Outside of a healthcare organisation, there is an abundance of patient feedback on social media platforms such as Facebook, Twitter, and in the UK, NHS Choices and Care Opinion and other patient networks. This type of feedback gives information on non-traditional metrics, highlighting what patients truly value in their experiences by offering nuances that is often lacking in structured surveys.39 Sentiment analysis has been applied ad hoc to online sources, such as blogs and social media7 27 33 34 demonstrating in principle the utility of sentiment analysis for patient experience. There appears to be an appetite to explore the possibilities offered by NLP and ML within healthcare organisations to turn patient experience data into insight that can drive care delivery.40 41 However, healthcare services need to be cognizant of what NLP methodology to use depending on the source of patient experience feedback.5 To date, no systematic review related to the automated extraction of information from patient experience feedback using NLP has been published.

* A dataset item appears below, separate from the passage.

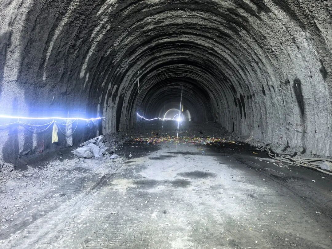 项目自开工以来,项目部全体参建人员凝心聚力、锐意进取,以高度的责任感与使命感投身工程建设。面对工区大风频发导致的频繁断电、雨季泥石流与滑坡等地质灾害的严峻挑战,以及隧道开挖中围岩破碎、地下水发育等复杂地质难题,项目团队始终坚持“安全为先、质量为本、科学组织、精细管控”的管理理念,精准施策、靶向发力,全面筑牢施工安全与质量双防线。面对复杂的地质条件和恶劣的施工环境,通过“管超前、严注浆、短进尺、强支护”等综合措施,稳扎稳打穿越不良地层,确保了工程建设的安全有序推进。依托先进测量控制体系与智能化监测手段,实现隧道轴线偏差精准控制在5mm以内,断面净空偏差严格控制在3mm以内,各项精度指标远优于规范允许偏差标准,达到同类工程领先水平。凭借卓越的施工组织能力、过硬的技术管控水平和精益求精的工匠精神,项目不仅实现了安全“零事故”、质量“零缺陷”的管控目标,更以实际行动诠释了“品质工程、标杆引领”的建设内涵。热布托隧道的顺利贯通,为整个两河口水电站库区交通工程建设注入了新的动力。
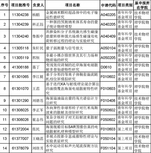 日前,国家自然科学基金委公布了2013年国家自然科学基金资助项目最终评审结果,原技术物理公司和理公司物理系申报项目中共14个项目获资助。其中,物理与太阳集团tyc539共有面上项目3项,获资助经费253万元;青年科学基金项目10项,获资助经费245万元。

In this paper, we sought to review the body of literature and report the state of the science on the use of NLP and ML to process and analyse information from patient experience free-text feedback.

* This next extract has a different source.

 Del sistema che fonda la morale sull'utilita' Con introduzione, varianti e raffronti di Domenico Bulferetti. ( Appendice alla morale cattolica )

The aim of this study is to systematically review the literature on the use of NLP and ML to process and analyse free-text patient experience data. The objectives were to describe: (1) purpose and data source; (2) information (patient experience theme) extraction and sentiment analysis; (3) NLP methodology and performance metrics and (4) assess the studies for indicators of quality.

Methods

Search strategy

The following databases were searched from January 2000 and December 2019; MEDLINE, EMBASE, PsycINFO, The Cochrane Library (Cochrane Database of Systematic Reviews, Cochrane Central Register of Controlled Trials, Cochrane Methodology Register), Global Health, Health Management Information Consortium, CINAHL and Web of Science. Grey literature and Google Scholar were used to extract articles that were not retrieved in the databases searched. Owing to the diversity of terms used inferring patient experience, combinations of search terms were used. The search terms, derived from the Medical Subject Headings vocabulary (US National Library of Medicine) for the database queries that were used can be found below. A review of the protocol was not published.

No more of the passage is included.